No pictures, please. Output the lines from the start of the data through the line that contains "Luxe Bella Chain", both included, exactly as they stand.

▶ Dataset excerpt:

┌──

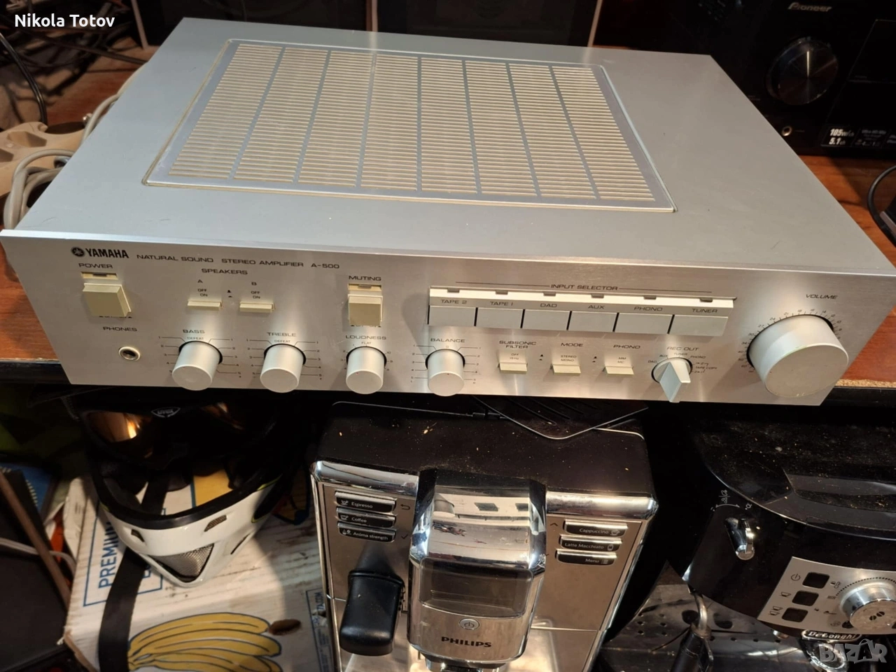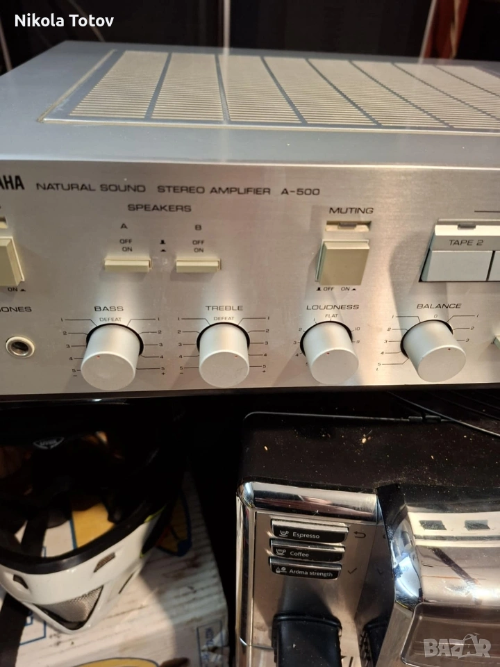 Продава се усилвател Yamaha A-500. Работещ. Състоянието се вижда на снимките. Намира се в Пловдив. Цена 75 евро. За повече информация и снимки ми пишете на лс или звъннете на посочения номер 089 692 8376.
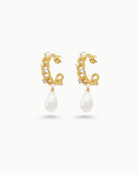 Luxe Bella Chain Freshwater Pearl Gold Hoop Stud Earrings
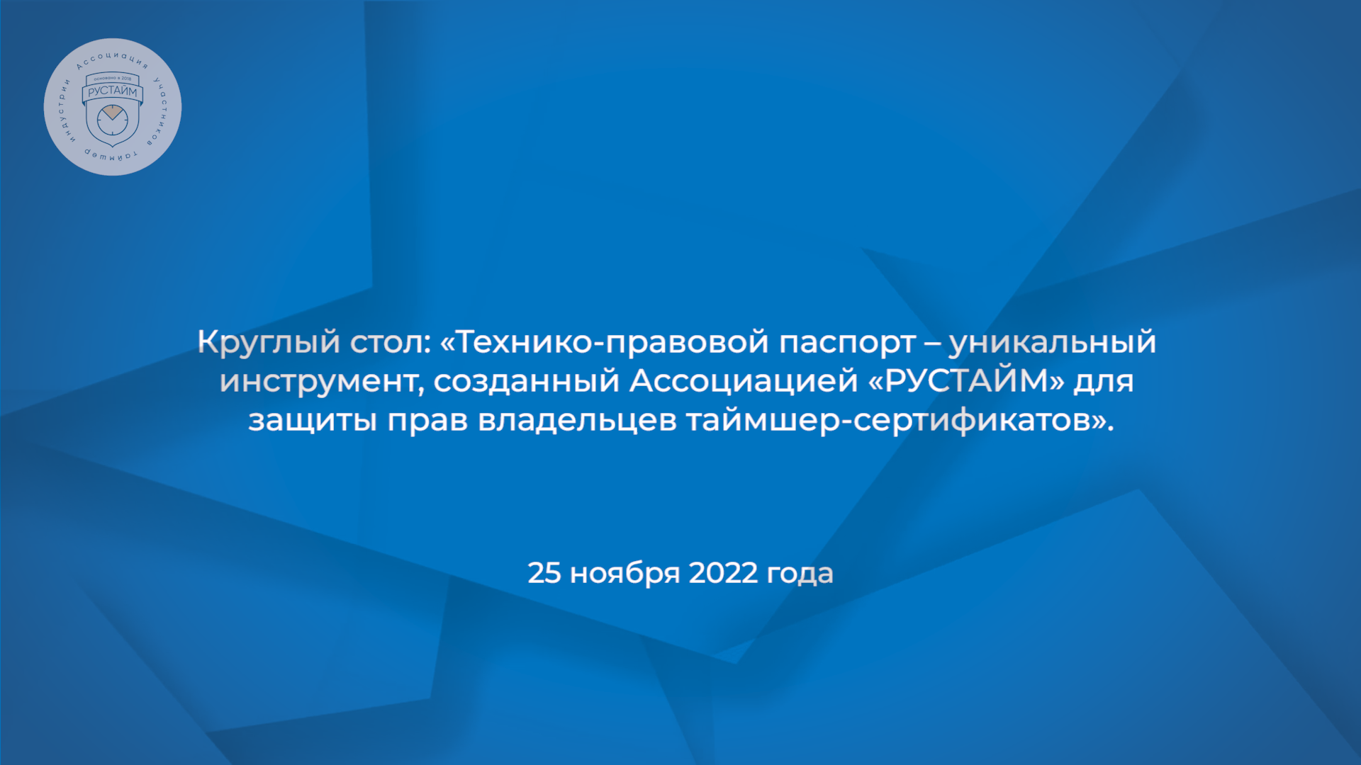 25 ноября 2022 года Ассоциация «Рустайм», презентовала свой инновационный продукт – технико-правовой паспорт таймшер и единый реестр сертификатов с полностью подтверждённым правом владения. Круглый стол состоялся в Зале заседаний Комитета по международным делам Государственной Думы Федерального Собрания Российской Федерации. В дискуссии принимали участие эксперты «Рустайм», лидеры профессионального сообщества, общественные деятели, представители органов законодательной и исполнительной власти. В обсуждении приняли участие: Наталья Сергеевна Кочеткова, заместитель директора Департамента государственной политики в сфере воспитания , дополнительного образования и детского отдыха, Андрей Григорьевич Замятин, директор Института развития туризма и курортного дела , Илья Викторович Дубровский, главный редактор журнала «Турист», Алла Леонидовна Салаева, член комитета по туризму и развитию туристической инфраструктуры ( депутат Государственной Думы), Юрий Валентинович Коротков, генерал майор МВД , Валерий Рудольфович Хилтунен, вице-президент Евразийской академии телевидения и радио , Олег Тимофеевич Безродный, президент «РУСТАЙМ». В ходе дискуссии участники Круглого стола отметили, что Технико-правовой паспорт таймшер – уникальный документ, являющийся революционным решением для таймшер-владельцев в России и других странах. Создание единой базы данных и проведение официальной экспертизы таймшер-сертификатов, по мнению всех участиков Круглого стола, способно пресечь существование «дикого рынка» таймшер не только в России, но и на территории большинства стран СНГ.

└──

▶ Exercise output:
 Продава се усилвател Yamaha A-500. Работещ. Състоянието се вижда на снимките. Намира се в Пловдив. Цена 75 евро. За повече информация и снимки ми пишете на лс или звъннете на посочения номер 089 692 8376.
 Luxe Bella Chain Freshwater Pearl Gold Hoop Stud Earrings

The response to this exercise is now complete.